Content starts
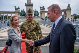 Benkő Tibor honvédelmi miniszter gratulál Farkas Norbert őrmesternek és kedvesének, Katona Petrának eljegyzésük alkalmából az MH Altiszti Akadémián idén végzett honvéd altisztek ünnepélyes avatásán Budapesten, a Hősök terén 2021. július 17-én
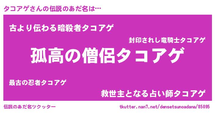 | 女子向けラノベタイトル風あだ名 | 『タコアゲは平凡を望む』 |
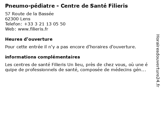 | Appeler Pneumo-pédiatre - Centre de Santé Filieris | |
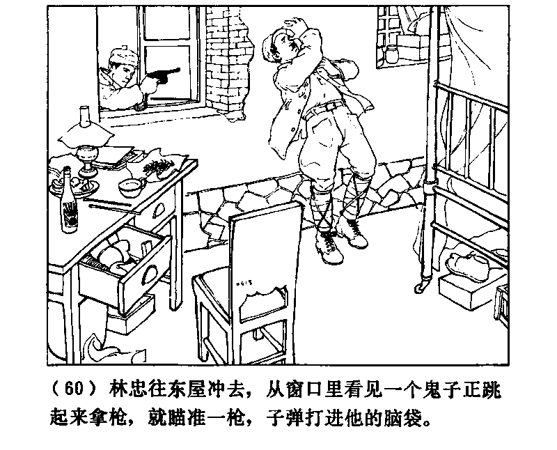 林忠が東の建物に向かって突進すると、鬼子が銃をとりだそうとしているのが窓から見えたので、狙いをさだめて一発、タマは鬼子の頭に命中した。
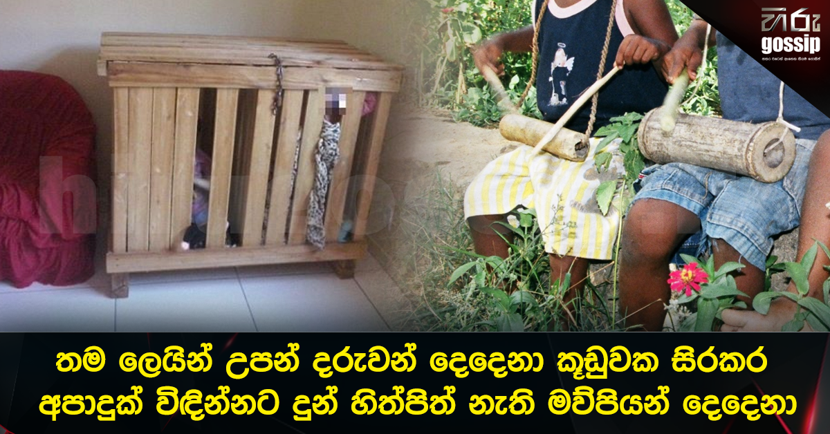 ඔවුන්ගේ දෙමව්පියන් විසින් ලී වලින් සාදන ලද කුඩා කූඩුවක දමා මෙලෙස සිරකර තබා ඇති බව සඳහන්.
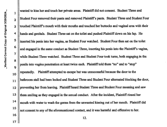 Another incident alleged in the lawsuit describes two students threatening the plaintiff by deceitfully telling the SUN staff that the plaintiff needed to use the restroom. Hereafter, the students allegedly took the plaintiff to the bathroom and abused her sexually several times. The plaintiff did not consent to these actions and told the students to stop repeatedly (see images of the lawsuit below for further detail).
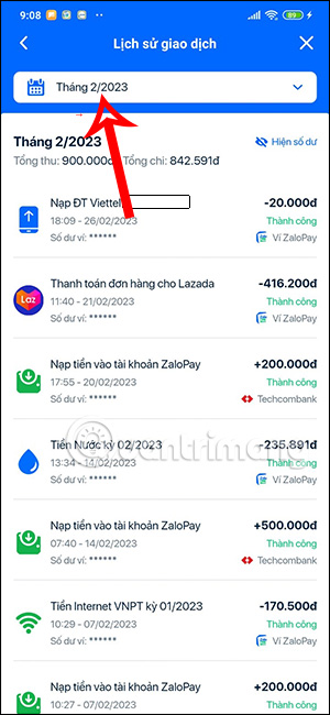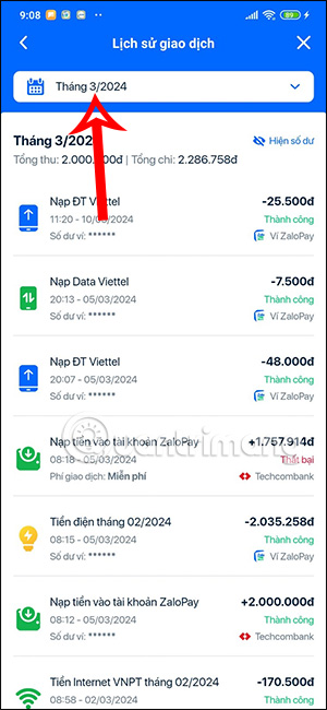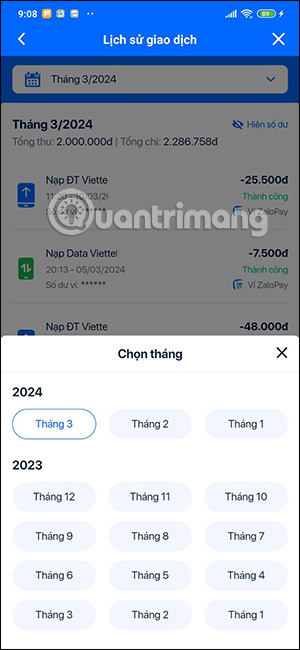 Bên cạnh đó bạn có thể nhấn vào biểu tượng bộ lọc ở thanh tìm kiếm để tìm lịch sử giao dịch trên ZaloPay theo tháng. Nhấn tiếp vào biểu tượng mũi tên xổ xuống để hiển thị tùy chọn ngày tháng muốn kiểm tra lịch sử giao dịch trên ZaloPay.
Content ends
Look through the material above. Transcribe exactly the lines between the ones with "女子向けラノベタイトル風あだ名 | 『タコアゲは平凡を望む』 |" and "ඔවුන්ගේ දෙමව්පියන් විසින්", inclusive, and keep pictures out.

TASK ANSWER:
 | 女子向けラノベタイトル風あだ名 | 『タコアゲは平凡を望む』 |
 | Appeler Pneumo-pédiatre - Centre de Santé Filieris | |
 林忠が東の建物に向かって突進すると、鬼子が銃をとりだそうとしているのが窓から見えたので、狙いをさだめて一発、タマは鬼子の頭に命中した。
 ඔවුන්ගේ දෙමව්පියන් විසින් ලී වලින් සාදන ලද කුඩා කූඩුවක දමා මෙලෙස සිරකර තබා ඇති බව සඳහන්.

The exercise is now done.